【Python-ERROR】‘gbk‘ codec can‘t encode character ‘\xa0‘ or ‘\u2003‘ in position XXX

Python decodes an error when printing output

1. Error encountered

When crawling web pages through Python, I use the print function to output the content for debugging, but I always encounter characters that cannot be decoded. I have tried various methods to no avail. The error code is as follows:

‘gbk’ codec can’t encode character ‘\xa0’ in position 8186: illegal multibyte sequence
‘gbk’ codec can’t encode character ‘\u2003’ in position 7254: illegal multibyte sequence

2. Solutions

1. There is "\xa0" in the extracted information, and it cannot be removed.

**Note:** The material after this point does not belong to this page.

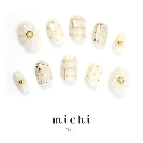 ミチネイルで大人気のぷっくりフラワーシリーズの新作です。乳白色のカラーにちゅるんとした立体お花がキュートなデザインです。ホワイトとゴールドの組み合わせは涼しげで高級感もありこの季節にピッタリのネイルチップです。
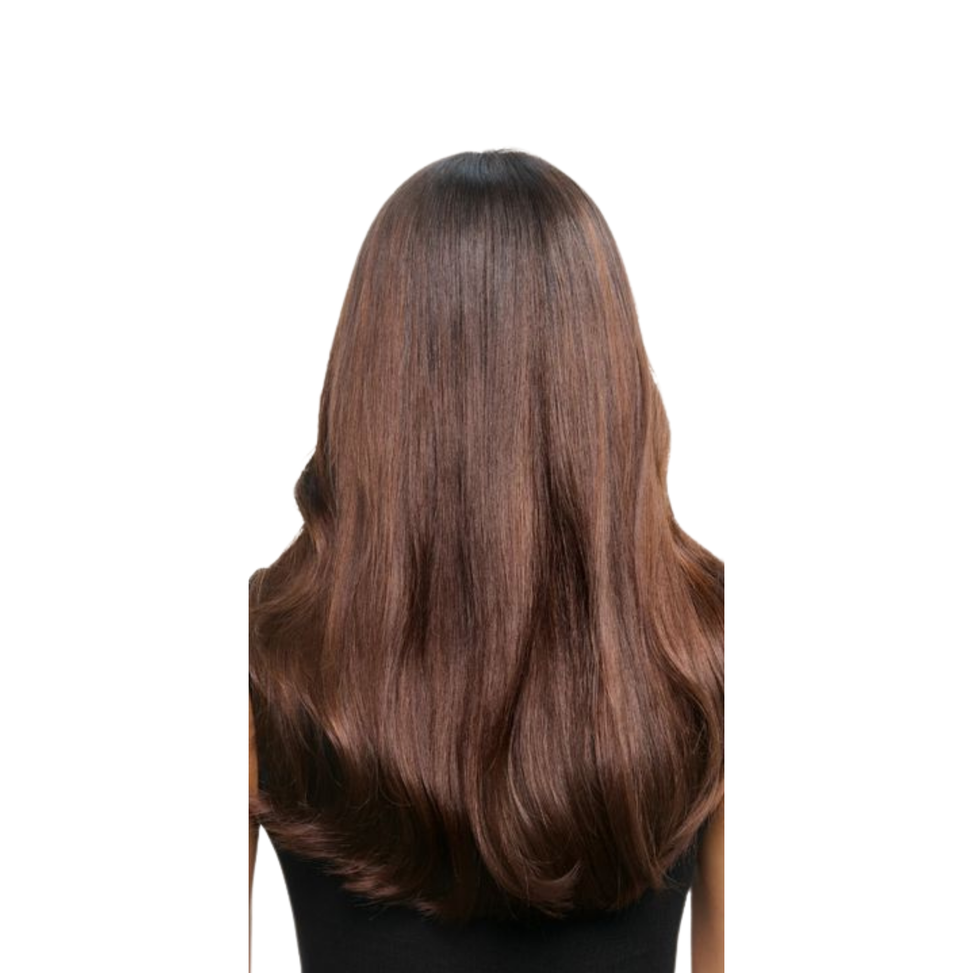 Hair appears visibly smoother, shinier, and more refined, with reduced frizz and a healthier overall look. The transformation reflects improved manageability and a more polished finish without weighing hair down.

After consulting the relevant information, it is found that this character represents a space.

\xa0 is a non-breaking space character The space  
we usually use is \x20, which is in the range of standard ASCII visible characters 0x20~0x7e. And \xa0 belongs to the extended character set character in latin1 (ISO/IEC_8859-1), which represents the blank character nbsp (non-breaking space). The latin1 character set is backward compatible with ASCII ( 0x20~0x7e ).

You can use the translate method, split() to solve, and you can also replace \t \n characters, take split() as an example:

>>> s
'T-shirt\xa0\xa0短袖圆领衫,体恤衫\xa0'
>>> out = "".join(s.split())
>>> out
'T-shirt短袖圆领衫,体恤衫'

2. There is '\u2003' in the extracted information, which can also be solved by adding the following code at the beginning of the code:

import sys
import io
sys.stdout = io.TextIOWrapper(sys.stdout.buffer,encoding='gb18030')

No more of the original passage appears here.